• [PROBLEM STATEMENT] From the listing below, please restate exactly the lines beginning at the one with "雅安德雅环境科技有限公司名山片区污水处理厂职业病危害因素定期检测" and ending at the one with "Escrivaninha Mesa Escritório", both included, and skip the pictures.

• [LISTED ENTRIES]
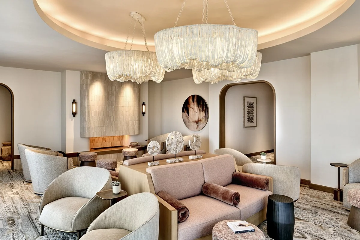 The second is a lighting installation that seamlessly reinforced the spa’s connection to nature — a set of striking S-shaped chandeliers crafted from natural agave fiber that seem to drape overhead, as if you’re beneath an ethereal spa tree.
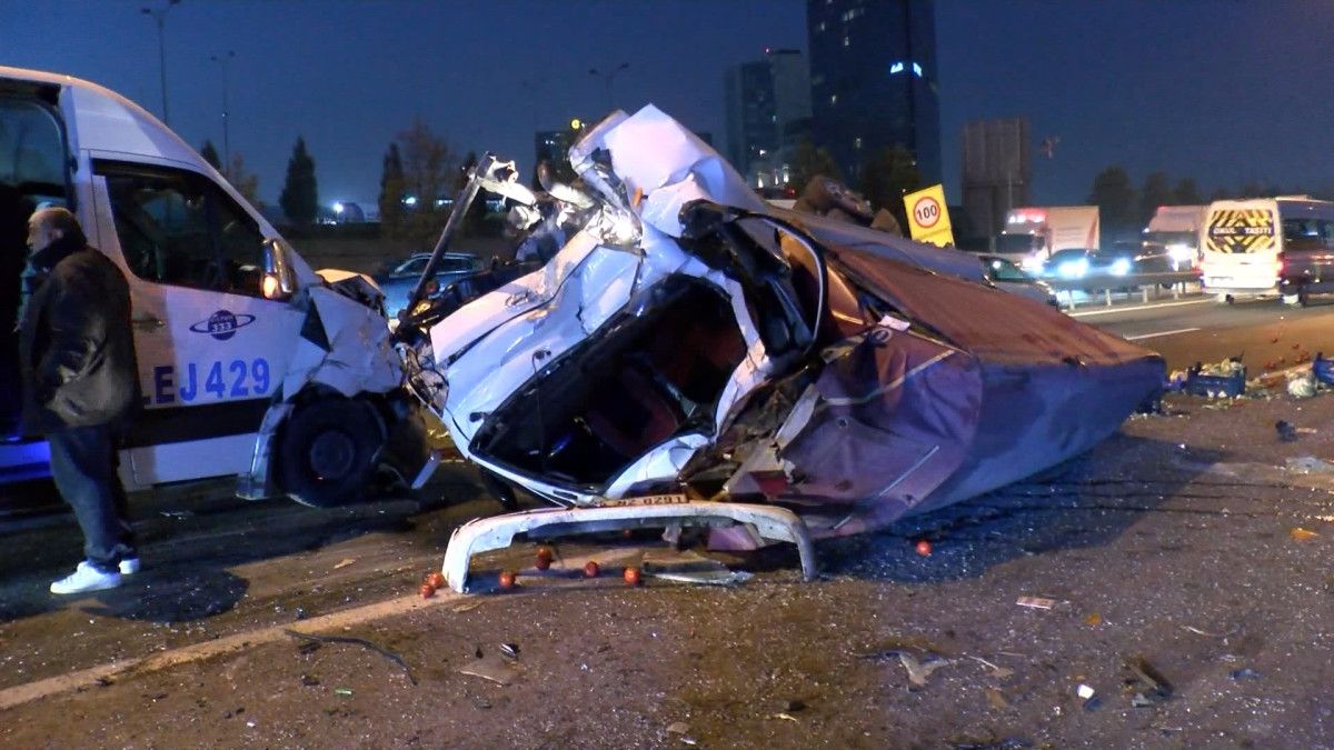 Kaza nedeniyle TEM Otoyolu’nda 2 şerit trafiğe kapanırken trafik akışı tek şeritten kontrollü olarak sağlandı.
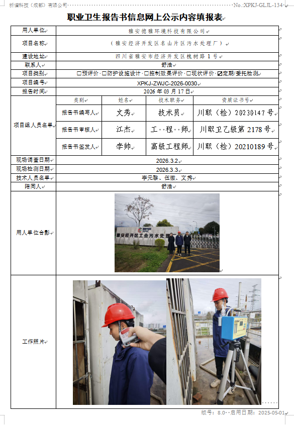 雅安德雅环境科技有限公司名山片区污水处理厂职业病危害因素定期检测
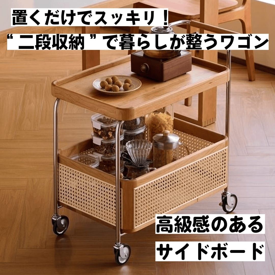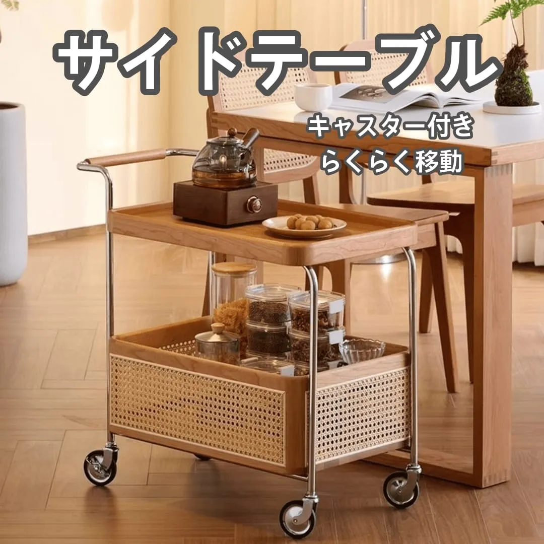 天然木の風合いとラタン調デザインが美しい、キャスター付きサイドテーブルワゴンです。
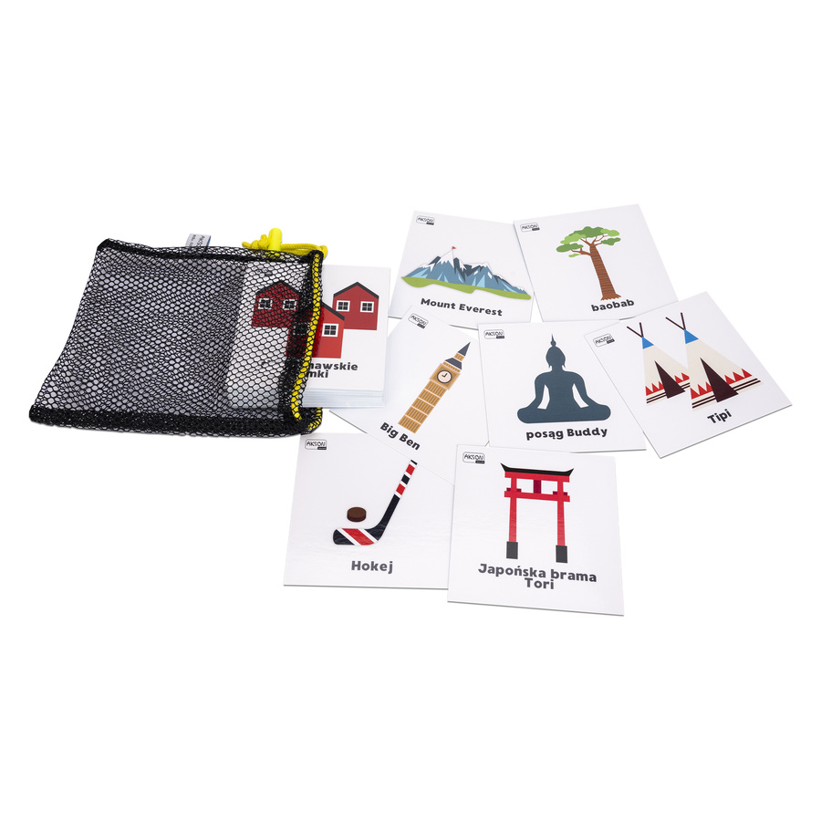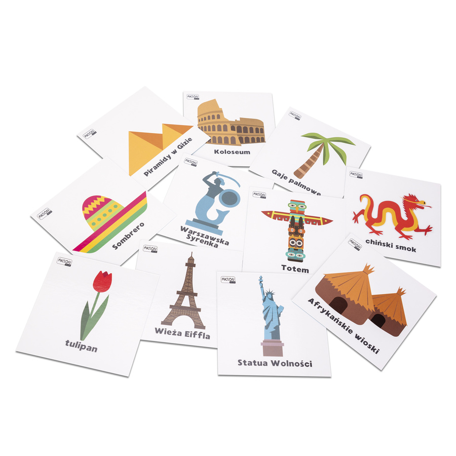 - Zestaw 52 karty z kolorowym nadrukiem zabytków z całego świata i ich nazwami po polsku.
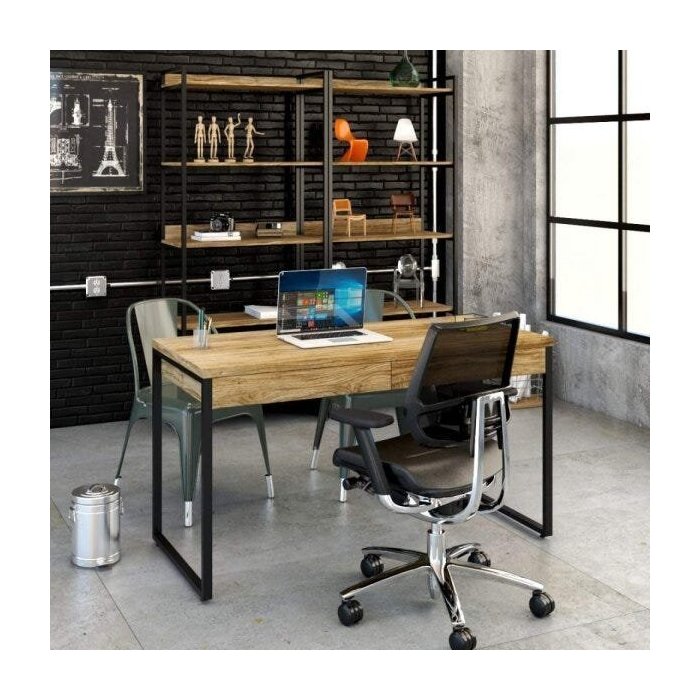 Escrivaninha Mesa Escritório 135cm 2 Gavetas Kuadra Carvalho
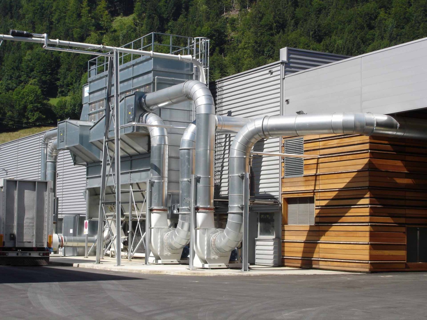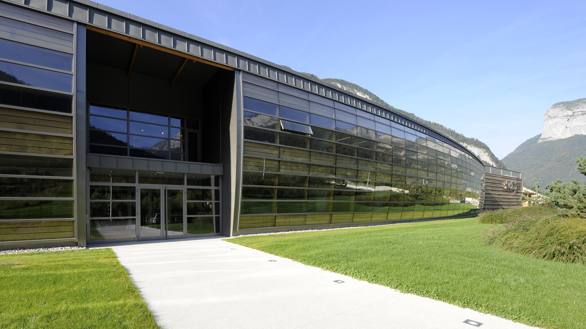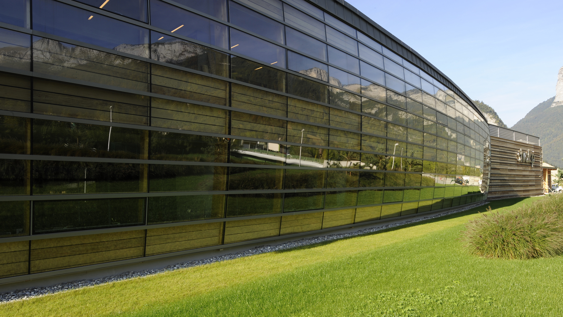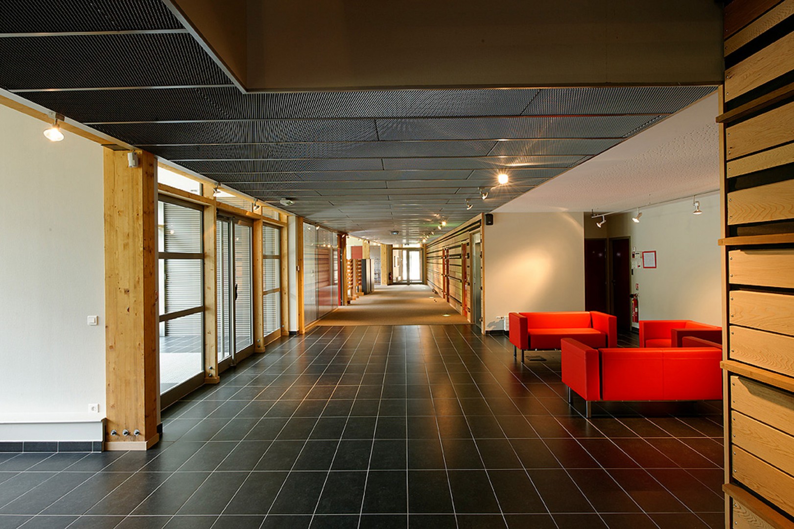 Façade orientée nord pour la régularité thermique; vitrage haute performance procédé RAICO; ventilation en double flux; traitement de la paroi froide par radiateurs filants à ailettes au pied des façades vitrées production autonome de chaleur par combustion de déchets bois. Production autonome intégrale de chaleur par la combustion des déchets de bois - chaufferie 4 Mégawatt.

• [ANSWER SECTION]
 雅安德雅环境科技有限公司名山片区污水处理厂职业病危害因素定期检测
 天然木の風合いとラタン調デザインが美しい、キャスター付きサイドテーブルワゴンです。
 - Zestaw 52 karty z kolorowym nadrukiem zabytków z całego świata i ich nazwami po polsku.
 Escrivaninha Mesa Escritório 135cm 2 Gavetas Kuadra Carvalho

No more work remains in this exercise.